Еще несколько цветов, которые держала Флоренс, упали на землю; те, что остались у нее, были влажны, но не от росы; и голова ее опустилась на руки, державшие эти цветы.

- Бедная Флоренс! Милая, хорошая Флоренс! - воскликнула девочка.

- Ты понимаешь, для чего я тебе рассказала об этом, Кэт? - спросила леди.

- Для того, чтобы я была очень ласкова с ней и постаралась ей понравиться. Не правда ли, для этого, тетя?

- Отчасти, - сказала леди, - но это не все. Хотя мы видим, что она весела, приветливо улыбается каждому, готова услужить всем нам и принимает участие во всех развлечениях, вряд ли она по-настоящему счастлива. Как ты думаешь, Кэт?

- Мне кажется, нет, - ответила девочка.

- И ты понимаешь, - продолжала леди, - почему при виде детей, у которых есть родители, любящие их и гордящиеся ими, а таких здесь сейчас много, она втайне грустит?

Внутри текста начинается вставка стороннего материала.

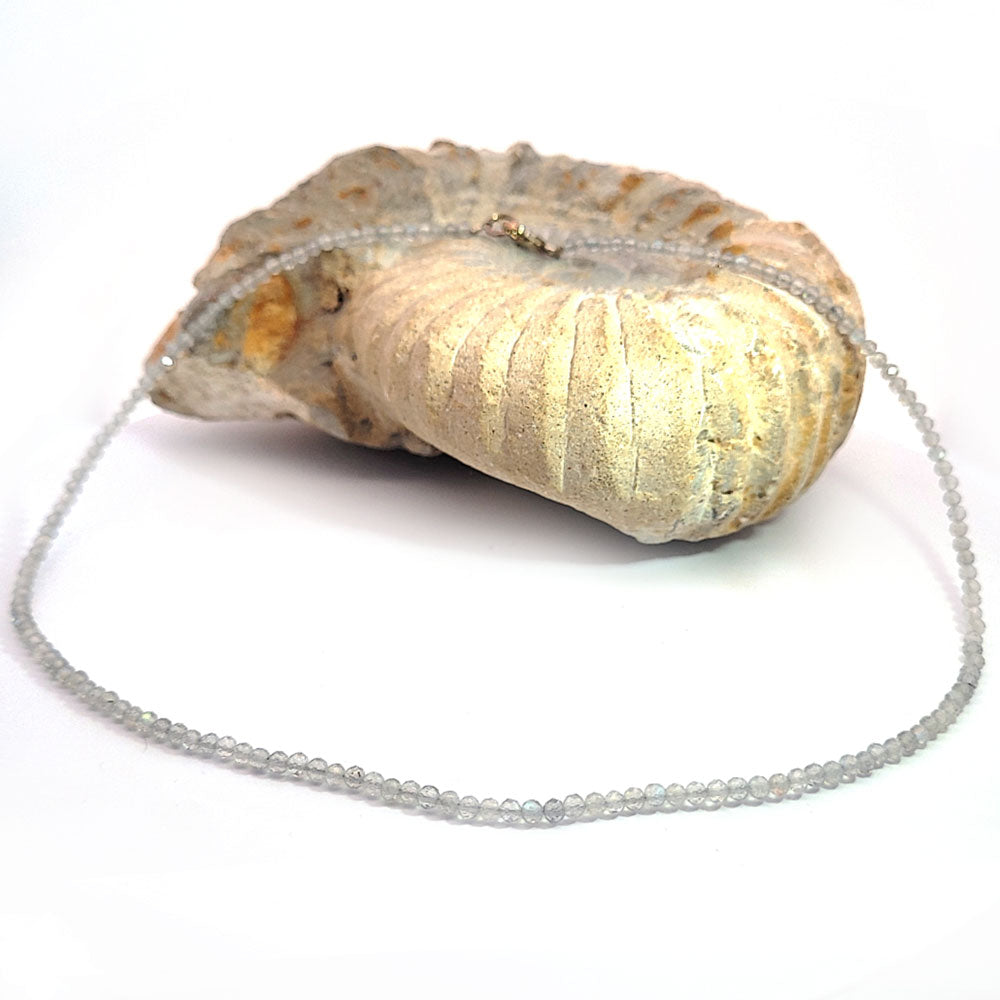 Labradorit ist ein besonderer Stein. Er schillert mit der Grundfarbe Grau in allen Farben und hat eine fast mystische Ausstrahlung. Er ist eng mit dem Mondstein verwandt.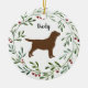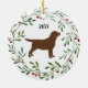 Enfeite de Natal Labrador Chocolate em um lindo desenho de grinalda. Personalize com nome e ano. COPYRIGHT © 2020 Judy Burrows, Black Dog Art - Todos os Direitos Reservados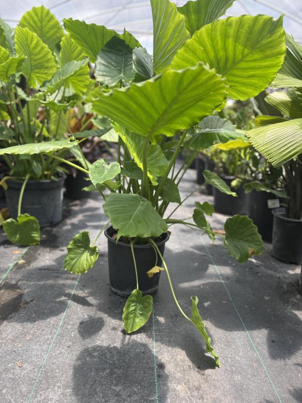 Alocasia (Alocasia spp.), commonly known as elephant ear or African mask plant, is a striking tropical plant celebrated for its dramatic foliage. Its large, heart- or arrow-shaped leaves, often with prominent veins, come in a variety of colors, including deep green, silver, and purple hues. This versatile plant adds an exotic feel to landscapes or as a statement piece in containers, thriving in warm and humid environments.
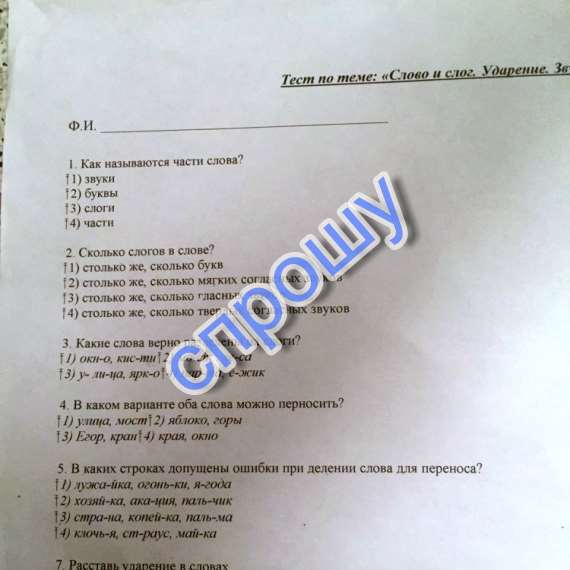 Тест по теме:Слово и слог.Ударение.Звуки и буквы.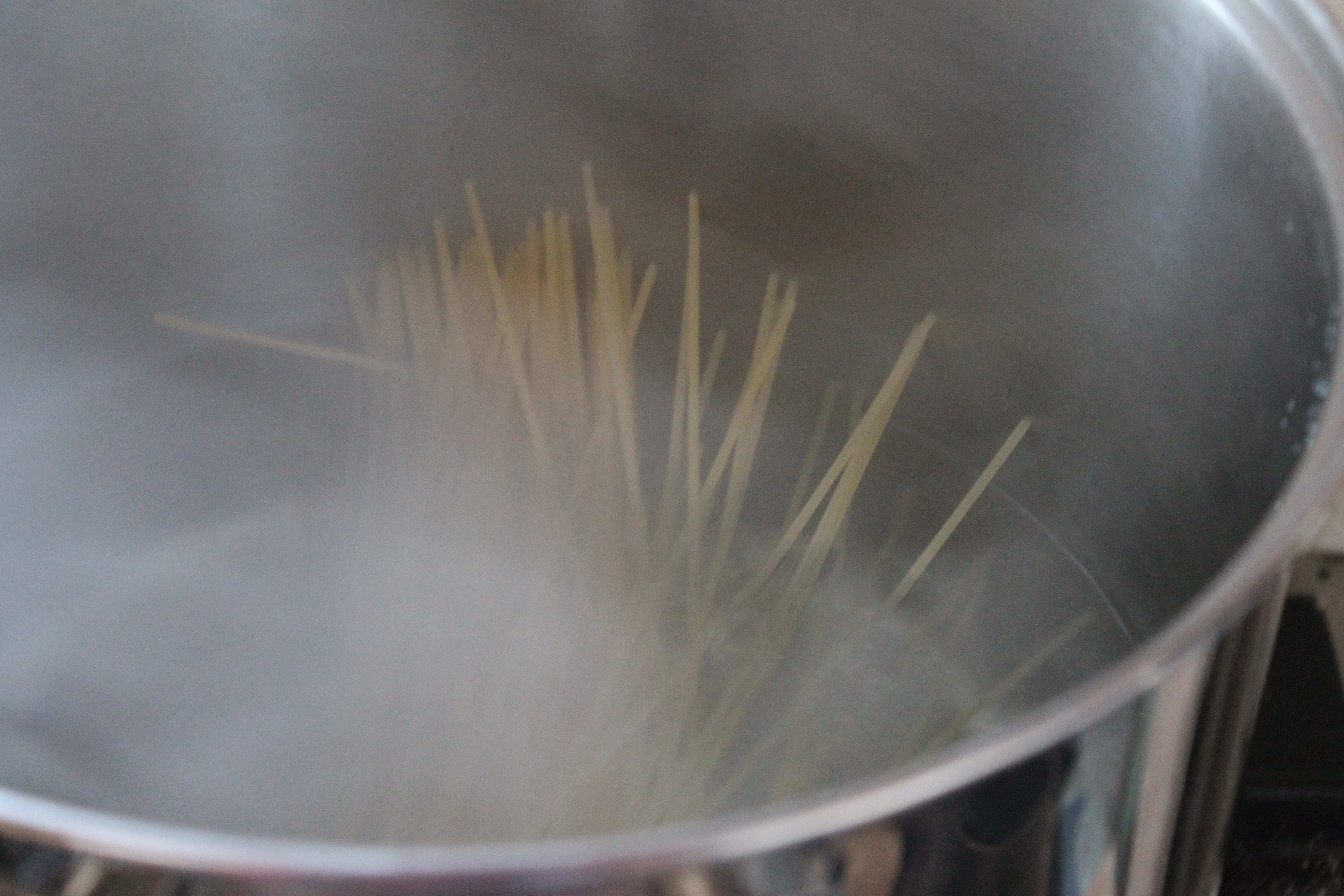 Allavega: Ég hitaði vatn í potti, saltaði það og setti allt spaghettíið úr spaghettíkrukkunni (sem var hæfilegur skammtur fyrir 1-2) út í þegar vatnið var farið að sjóða vel. Hrærði og sauð það í – æi, 10 mínútur, held ég.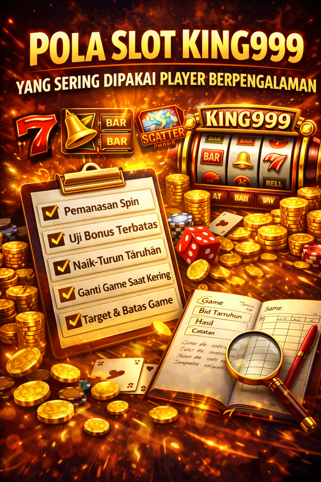 “Pola Slot KING999 yang Sering Dipakai Player Berpengalaman” pada dasarnya adalah pola disiplin: pemanasan spin, perubahan taruhan yang bertahap, pembagian blok putaran, keputusan ganti game saat kering, serta batas profit dan batas rugi yang jelas. Tidak ada rumus yang menjamin kemenangan, tetapi pola yang rapi bisa membuat sesi bermain lebih terukur, nyaman, dan tidak menguras saldo karena keputusan impulsif.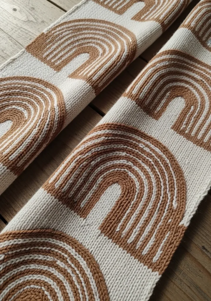 This modern knit scarf features bold repeating arch shapes in warm caramel brown layered over a soft cream base. The pattern feels graphic and playful while still staying cozy and wearable. The knit texture is smooth and even, with clean color changes that show off the curved lines beautifully. Everything about it feels thoughtfully made, from the tidy edges to the satisfying weight that gives it a lovely drape.

- Да, милая тетя, - сказала девочка, - я это очень хорошо понимаю. Бедная Флоренс!

Снова посыпались на землю цветы, а те, что она прижимала к груди, трепетали, словно от зимнего ветра.

- Моя Кэт, - сказала леди тоном серьезным, но очень спокойным и ласковым, который с первой же секунды произвел такое сильное впечатление на Флоренс, - из всех живущих здесь детей ты для нее самая подходящая подруга, которая не причинит ей зла; ты не будешь, помимо своей воли, как это делают более счастливые дети...

- Нет никого счастливее меня, тетя! - воскликнула девочка и, по-видимому, прильнула к ней.

- ...Ты не будешь, милая Кэт, напоминать ей об ее несчастье. Поэтому я бы хотела, чтобы ты, стараясь с ней подружиться, приложила к этому все усилия и помнила, что твоя утрата - в ту пору, когда, слава богу, ты еще не могла понять всей ее тяжести, - дает тебе права на бедную Флоренс.

- Но с вами, тетя, я никогда не была лишена родительской любви, возразила девочка.

- Во всяком случае, дорогая, - сказала леди, - твое горе легче, чем горе Флоренс, потому что не может быть на свете сироты более одинокой, чем та, у которой отец жив, но отказал ей в любви.

Цветы рассыпались по земле, как прах; руки, более не занятые ими, закрыли лицо; и осиротевшая Флоренс опустилась на землю и плакала долго и горько...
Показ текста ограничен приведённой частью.